### Your goal:
Return, without pictures, the lines from the start of the data through the one that contains "In the subsequent".

### Materials provided:
=== Begin Enclosure ===

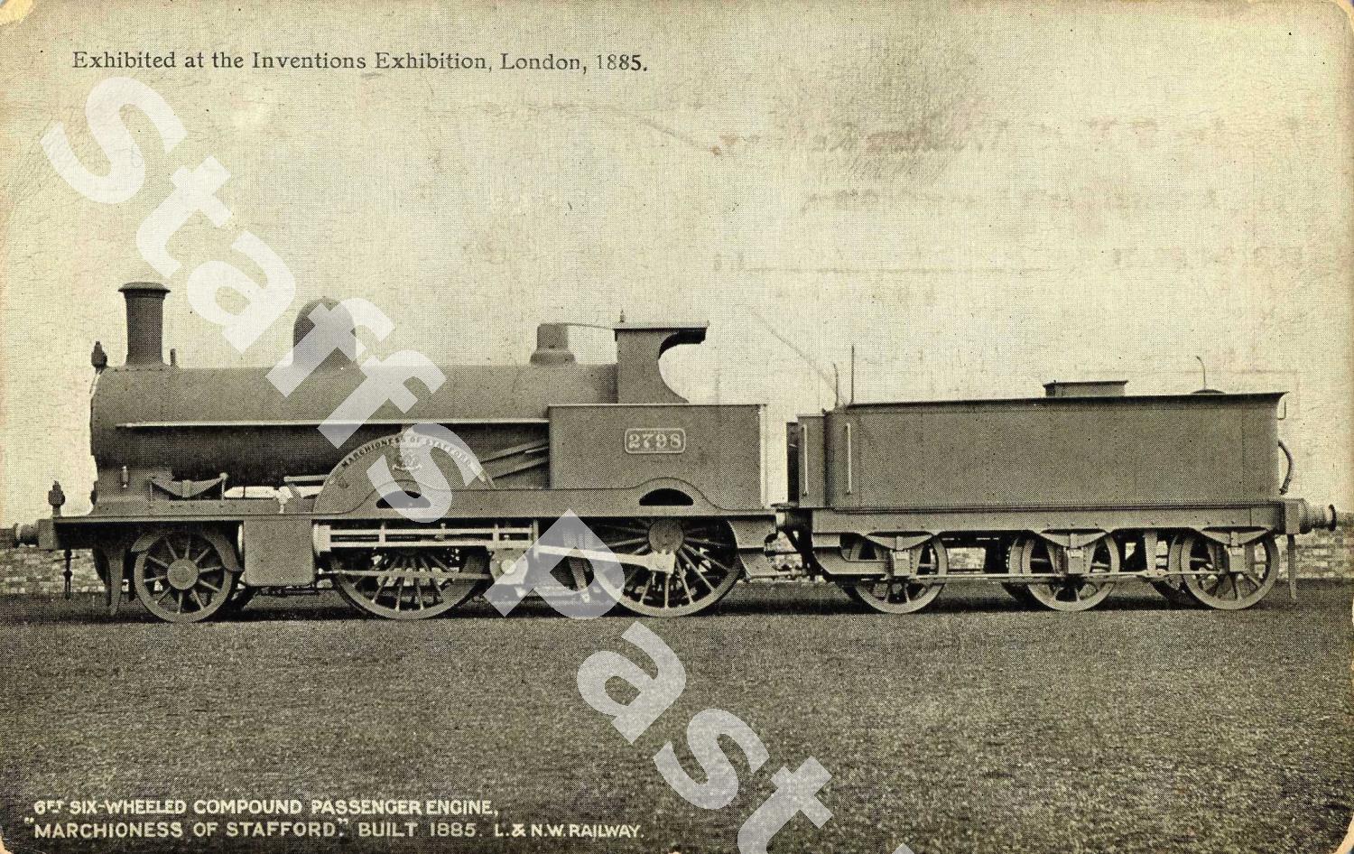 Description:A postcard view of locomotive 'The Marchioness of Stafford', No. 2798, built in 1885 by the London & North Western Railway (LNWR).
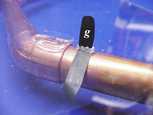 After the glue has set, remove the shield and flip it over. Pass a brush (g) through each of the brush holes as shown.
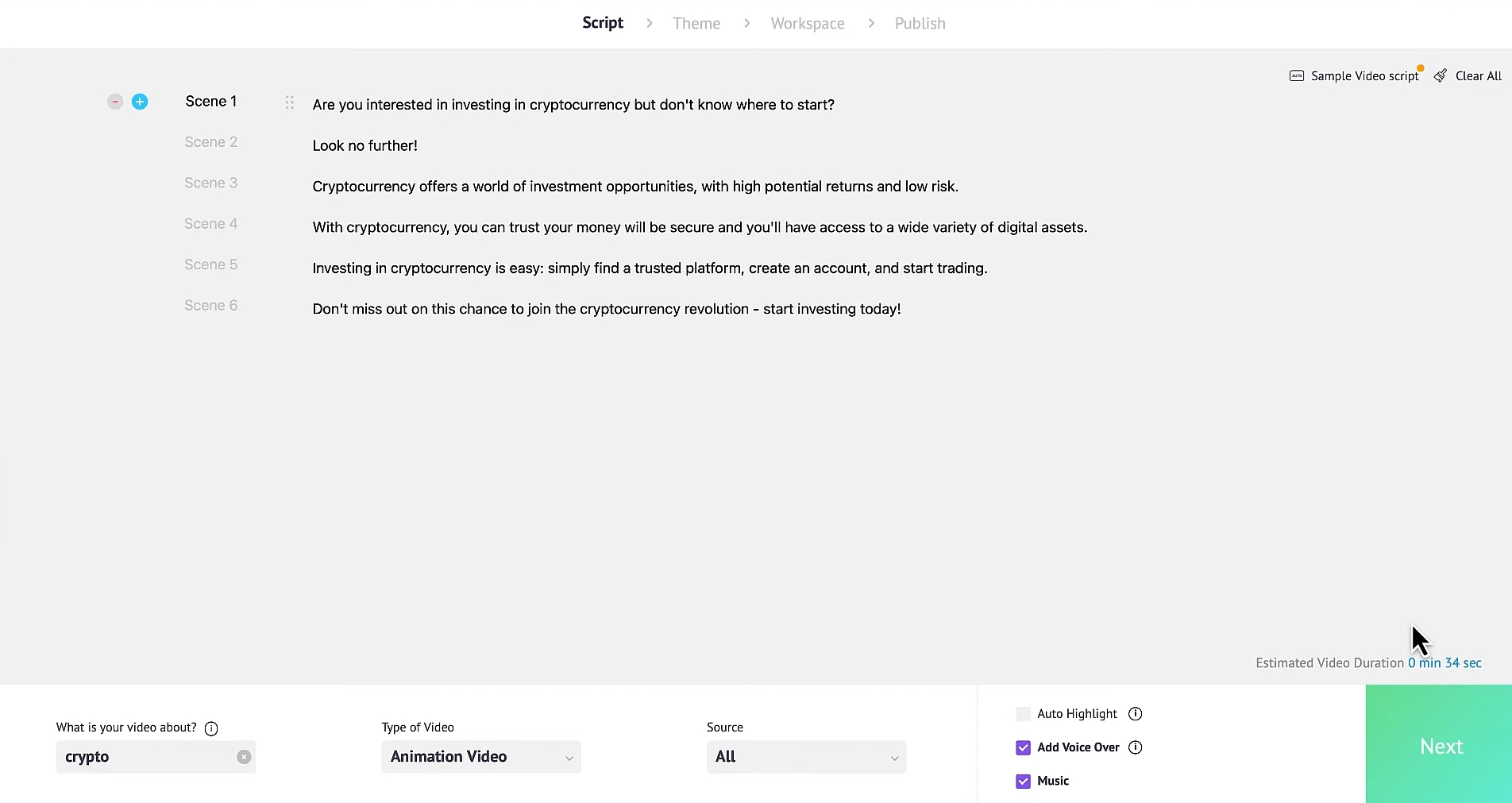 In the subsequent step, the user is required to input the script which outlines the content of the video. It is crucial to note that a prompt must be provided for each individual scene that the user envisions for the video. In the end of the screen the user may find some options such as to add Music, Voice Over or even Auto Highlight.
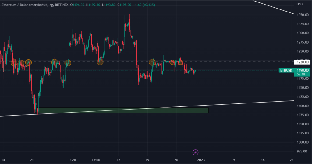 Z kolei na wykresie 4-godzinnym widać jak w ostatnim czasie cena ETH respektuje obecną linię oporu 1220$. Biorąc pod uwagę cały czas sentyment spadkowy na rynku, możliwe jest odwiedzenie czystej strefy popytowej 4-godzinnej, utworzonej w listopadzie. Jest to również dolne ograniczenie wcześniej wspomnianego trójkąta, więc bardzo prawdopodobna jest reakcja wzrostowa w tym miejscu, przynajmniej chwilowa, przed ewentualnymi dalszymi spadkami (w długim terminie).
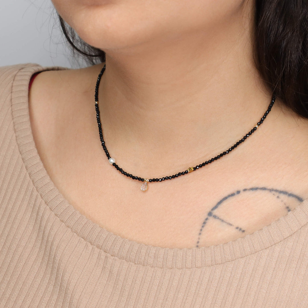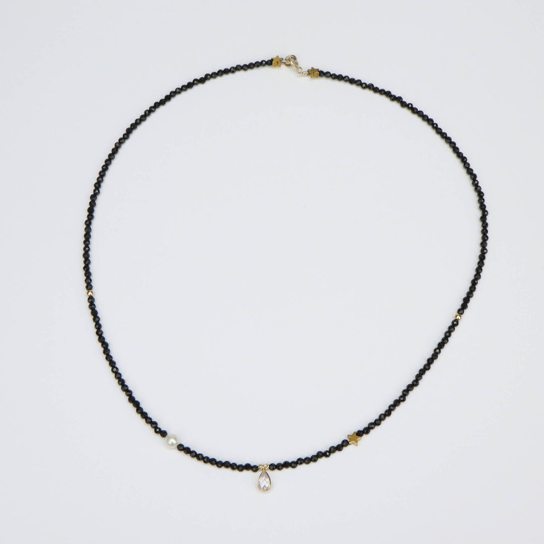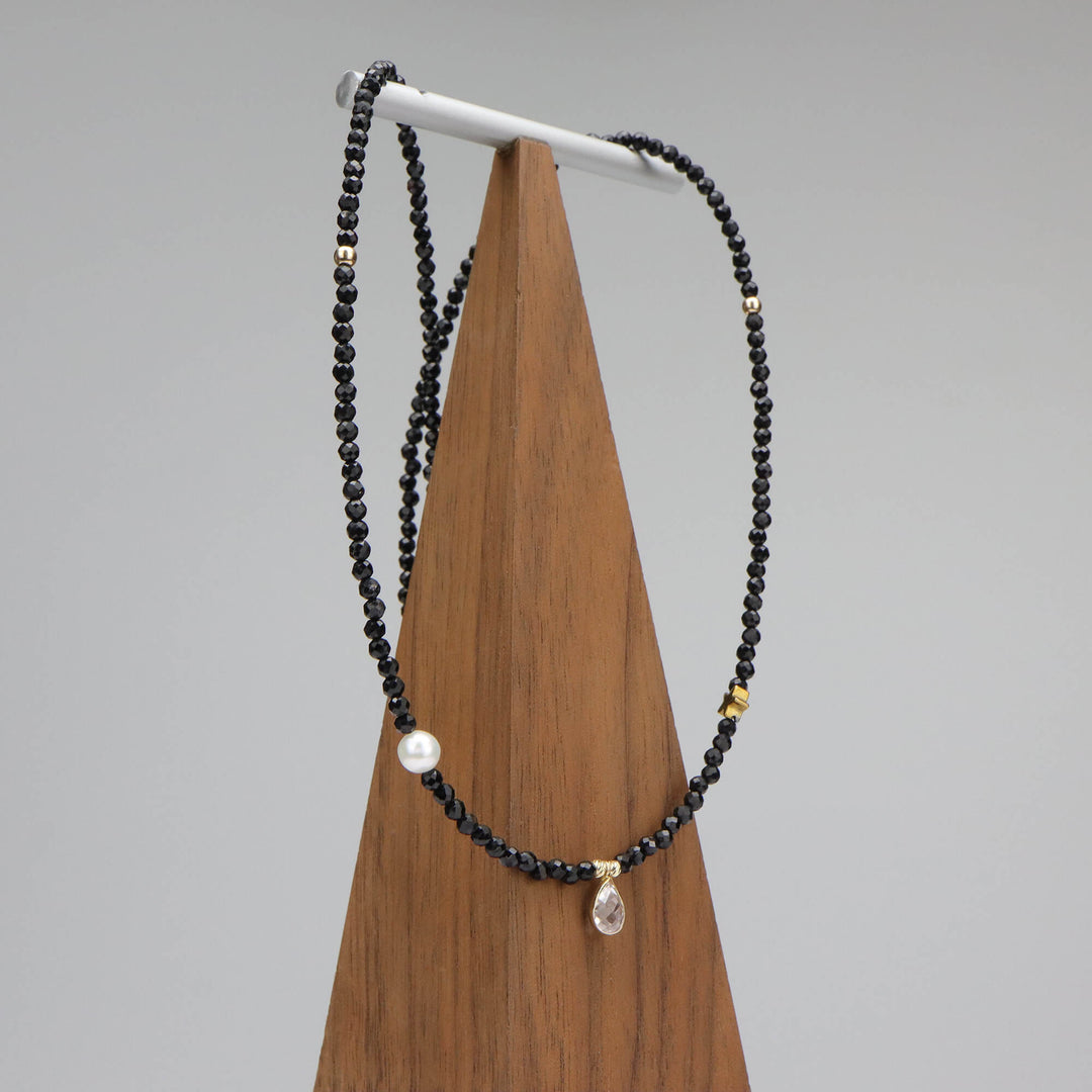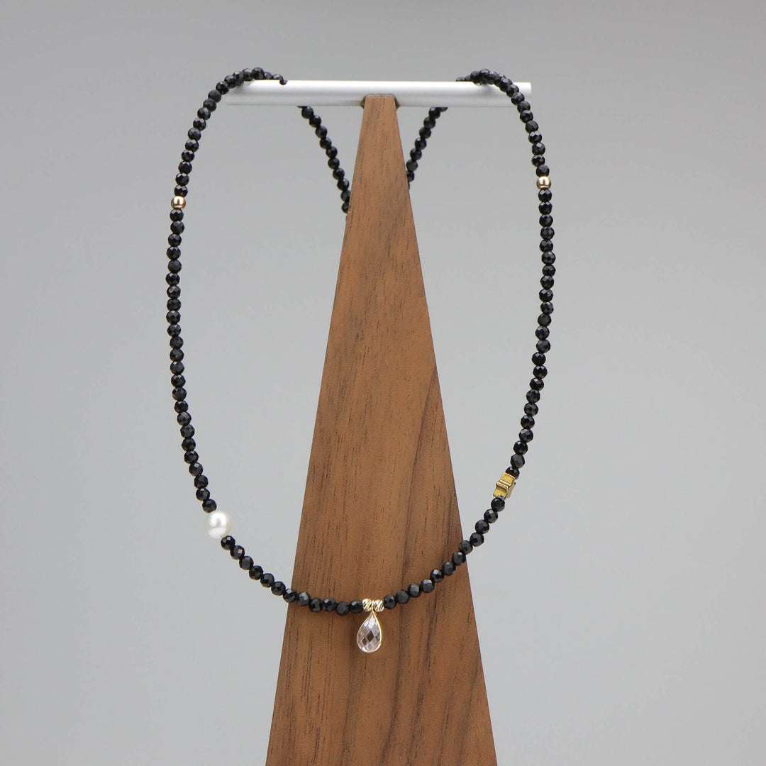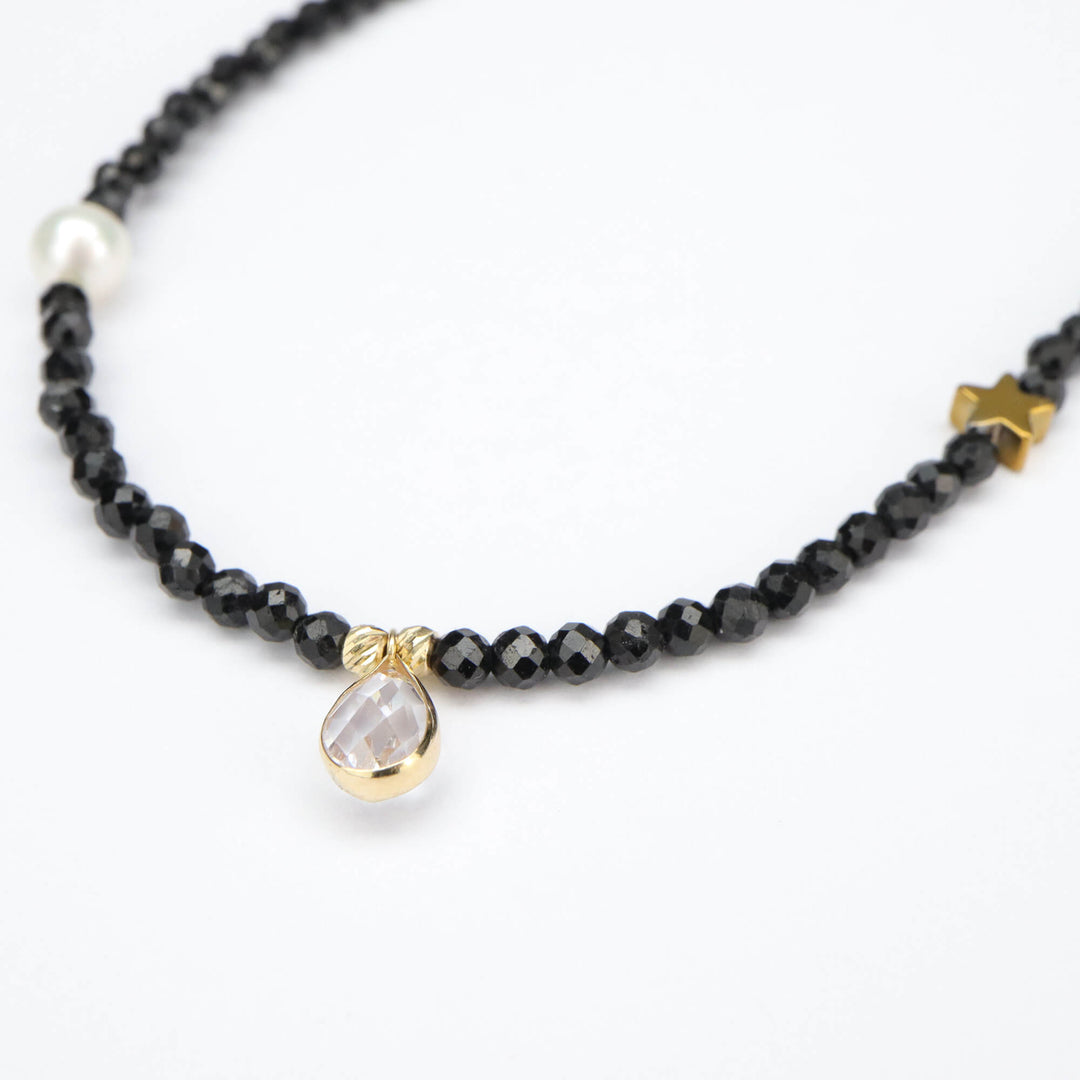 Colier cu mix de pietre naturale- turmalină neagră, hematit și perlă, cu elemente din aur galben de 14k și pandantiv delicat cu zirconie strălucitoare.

=== End Enclosure ===

### Problem solution:
 Description:A postcard view of locomotive 'The Marchioness of Stafford', No. 2798, built in 1885 by the London & North Western Railway (LNWR).
 After the glue has set, remove the shield and flip it over. Pass a brush (g) through each of the brush holes as shown.
 In the subsequent step, the user is required to input the script which outlines the content of the video. It is crucial to note that a prompt must be provided for each individual scene that the user envisions for the video. In the end of the screen the user may find some options such as to add Music, Voice Over or even Auto Highlight.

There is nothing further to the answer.